Waters was born in Canada and moved to Australia as an infant. Under the federal constitution, a dual citizen is ineligible to be elected to parliament.
"It is with great shock and sadness that I have discovered that I hold dual citizenship of Australia and Canada. As people would know after the recent departure of my dear friend and former colleague Scott Ludlam, section 44 of the Australian constitution means I cannot hold office in the federal Parliament," Waters said in a statement.
"However after Scott's shock discovery, I immediately sought legal advice, and was devastated to learn that because of 70 year old Canadian laws I had been a dual citizen from birth, and that Canadian law changed a week after I was born and required me to have actively renounced Canadian citizenship."
"It's with great sadness I've discovered I'm a dual citizen," she said at a press conference on Tuesday.
"It was my fault and my fault alone."
Waters, fighting back tears as she made the announcement, said she came to Australia at 11 months of age, and thought she was not a Canadian citizen.
"I've never been back.
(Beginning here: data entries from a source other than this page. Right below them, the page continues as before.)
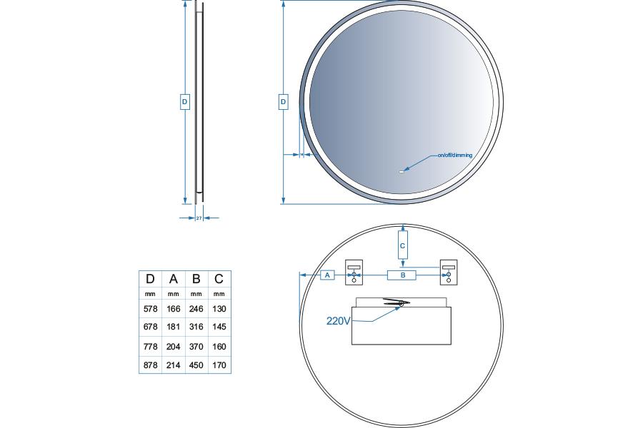 Univerzalno kupaonsko ogledalo Perfetto 90 Hands & Fog Free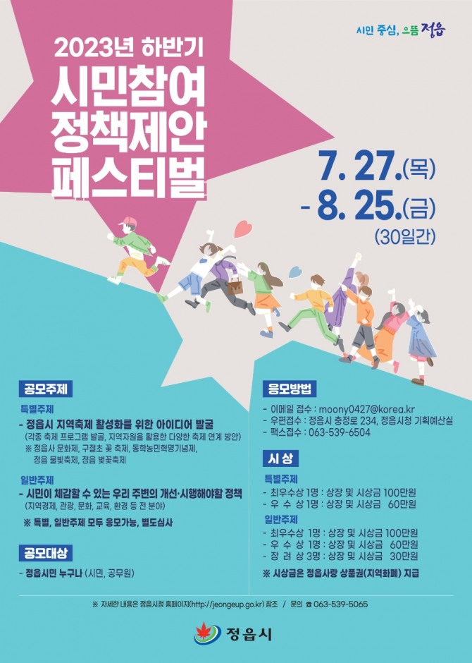 응모 방법은 정읍시 홈페이지에서 신청서를 내려받아 작성한 후, 우편(정읍시 충정로234 정읍시청 기획예산실) 또는 팩스로 제출하거나 이메일로 전송하면 된다.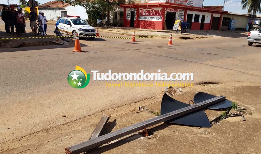 O motorista perdeu o controle da direção do veículo, que passou por cima de uma calçada, derrubando uma placa de sinalização.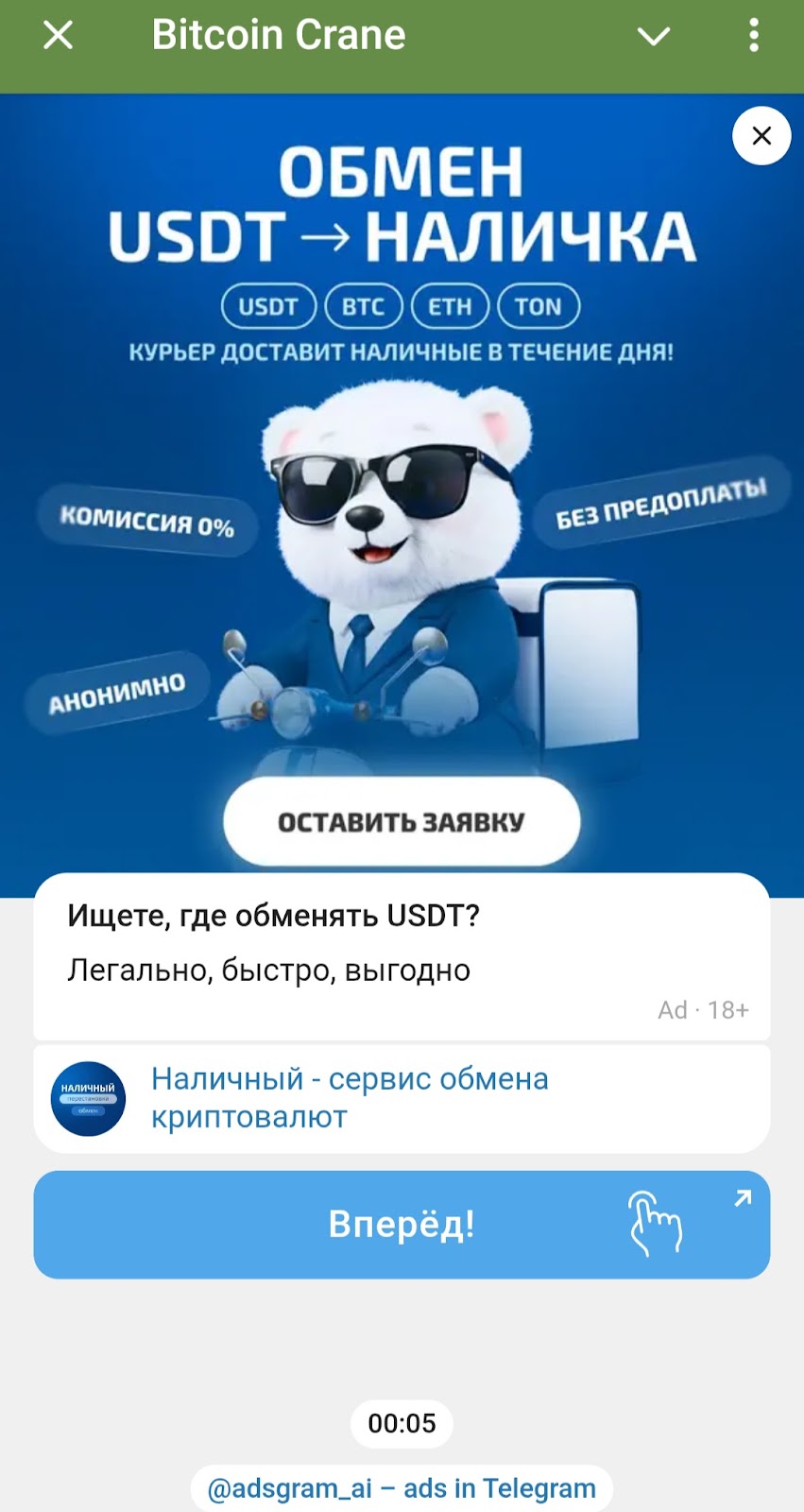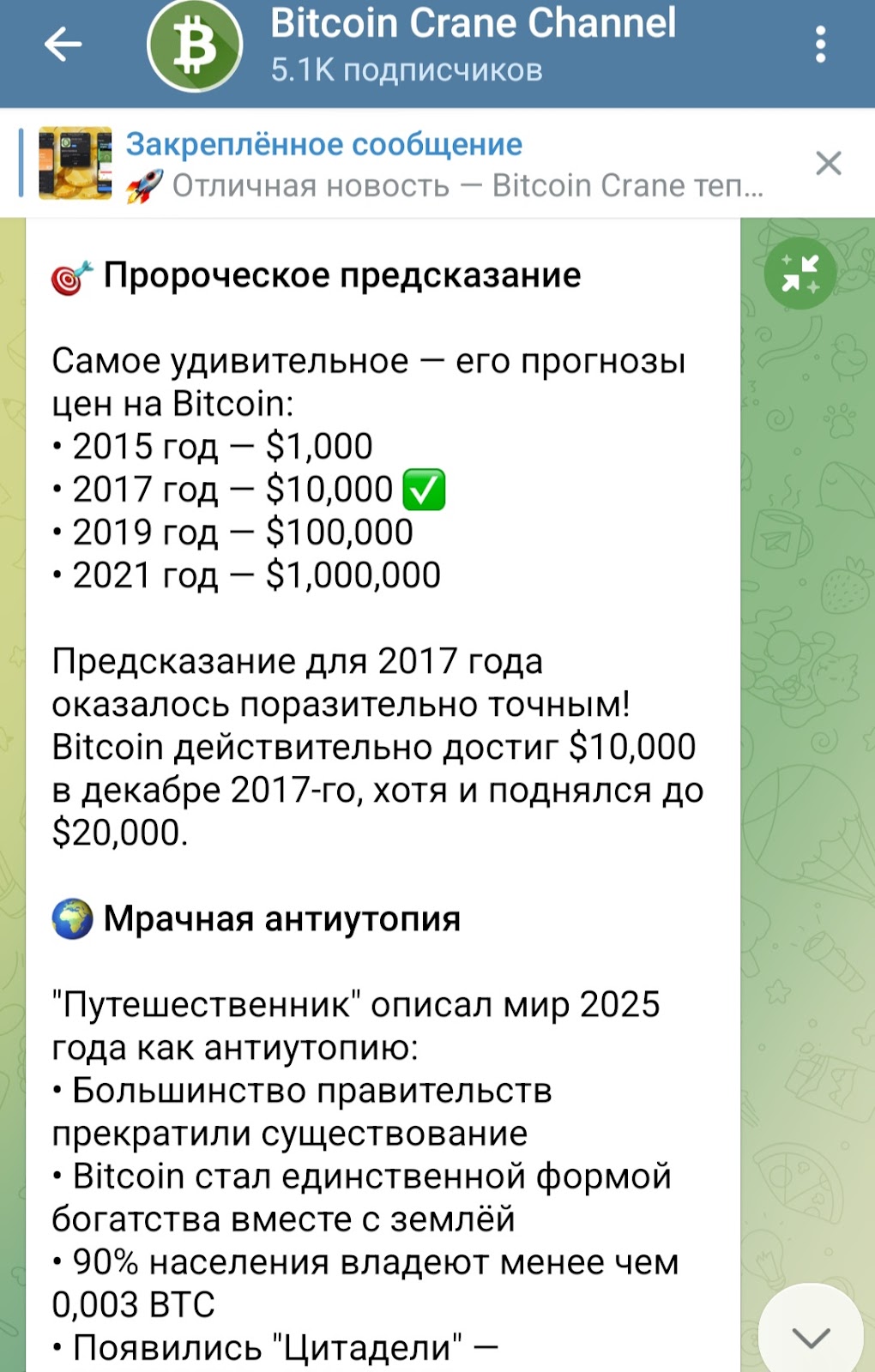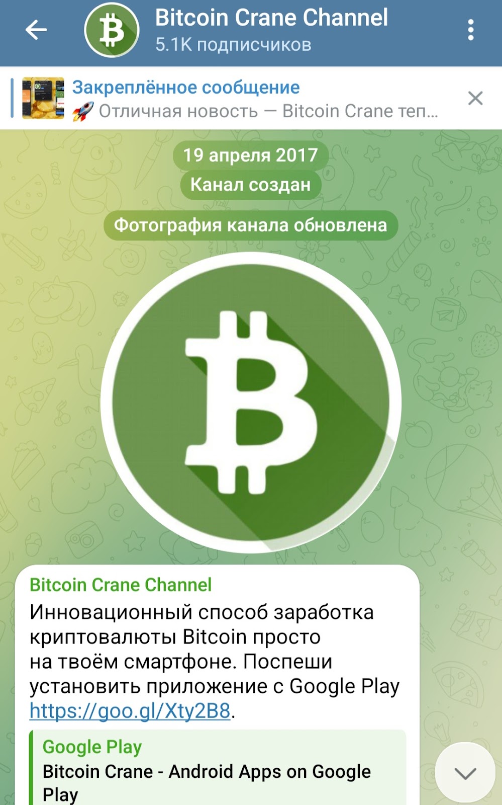 У Биткойн кран есть тг канал “Bitcoin Crane Channel”. Он ведется с 19 апреля 2017 года. В нем публикуются новости криптовалюты и блокчейн индустрии, ведется реклама бота по заработку сатоши.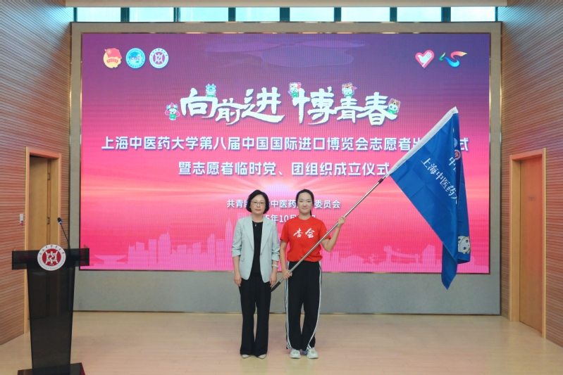 孟煜向志愿者代表授旗,勉励全体“小叶子”要心怀“国之大者”,在服务国家战略中践行“请党放心 强国有我”的青春誓言;砥砺“岐黄之志”,在传承创新中接续奋进力量,向世界展示中医药之美,展示中华优秀传统文化的魅力;汇聚“青春力量”,在进博岗位上发扬志愿精神,向世界彰显上中医“小叶子”风采,展现上海城市形象和大国青年风貌。(团委)

I thought I was naturalised as an Australian," she said.
On Tuesday, her office advised that she would make "an important announcement" at 1.30pm, using exactly the same phrasing that fellow Greens senator Scott Ludlam used ahead of his press conference last week where he announced that he was actually a dual citizen of both Australia and New Zealand, and therefore ineligible to sit in parliament.
It means the Greens have now lost both their co-deputy leaders, Waters and Ludlam, in the space of four days.
Party leader Richard Di Natale was the first to pay tribute to Waters, saying he was "gutted".
"It is unprecedented to have the resignation of two such outstanding people from this parliament, two leaders of such integrity, such honesty, two people who have done the Greens and indeed this nation proud," he said at a press conference.
"This was an innocent mistake. Larissa acted quickly as soon as he knew about it and she has paid a high price for this. She has had to lose a job that she deeply loves because she is so committed to the things that we are all committed to."
Waters also spoke to 'The Project' on Tuesday night to explain her confusion and refute any loyalty to Canada.
"I left Canada as a baby. I was 11 months old when I came to Australia and I thought I was always Australian and thought when I turned 21 I would be able the opt to have duel citizenship," she said.
"It turns out how wrong I was and in fact the law had changed in Canada a week after I was born and I was supposed to have been renounced. I was apparently Canadian all my life without ever being back.
"When you leave a country at a very young age and you don't have any ongoing allegiance to it, it sort of breaks your heart that you can't do your job as an Australian senator because you apparently have got this allegiance to another country. I thought I was just an Australian citizen and I have never shown any interest in Canada."
In the wake of Ludlam and Waters resigning, Di Natale said the party would conduct a thorough review of internal processes.
"I won't sugar coat it, we need to make sure that our internal party processes are up to the challenge," he said.
"We have to improve our governance. We have to strengthen our internal processes and we have to make sure that this doesn't happen again."
It is unclear exactly who will replace Waters, and also Ludlam, but it is likely that the next person on the Greens ticket at the 2016 election in Queensland and Western Australia respectively will take their place in the Senate. In Waters' case, this would be Andrew Bartlett, a former senator with the Australian Democrats who left the Senate in 2008.